Search code examples
regexrssfeedxmlreaderrss-reader

Regex - Replace is too slow


On my Rss Feeds reading system I need to remove any existent script block because some people say this confuse XmlReader.

For that I'm doing this piece of code that I found on web:

allXml = Regex.Replace(allXml, "(.*)<script type='text/javascript'>.+?</script>(.*)", "$1$2");

But this is too slow... There is any way to perform this? I already tried to do the Match first but this is equally slow, like this:

Match rgx = Regex.Match(allXml, "(.*)<script type='text/javascript'>.+?</script>(.*)");

if (rgx.Success)
    allXml = Regex.Replace(allXml,"(.*)<script type='text/javascript'>.+?</script>(.*)","$1$2");

Solution

  • The first (.*) grabs the whole line at once (since * is a greedy quantifier), and then starts backtracking trying to accommodate all the subsequent patterns. If your string is a very long line, several megabytes long, it might be problematic for the engine, as it will have to perform a lot of steps before it finds the appropriate string chunks for each capturing group defined in the pattern.

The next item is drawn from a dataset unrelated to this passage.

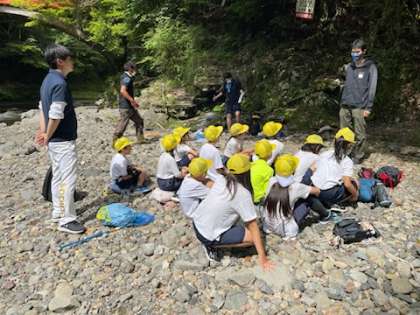 まずは、生き物の探し方のコツや、捕まえ方について教えてもらい、次に、安全上の注意について話をしました。

    If you want a regex quick and dirty fix, discard the (.*)s, and just use

    string res = Regex.Replace(allXml, "(?s)<script type='text/javascript'>.*?</script>", "")
    

    to remove the <script>...</script> substrings. Note the (?s) is the RegexOptions.Singleline (DOTALL) modifier inline equivalent, so that . could match newline symbols, too.

    However, the best way is to use an HTML parser, like HtmlAgilityPack.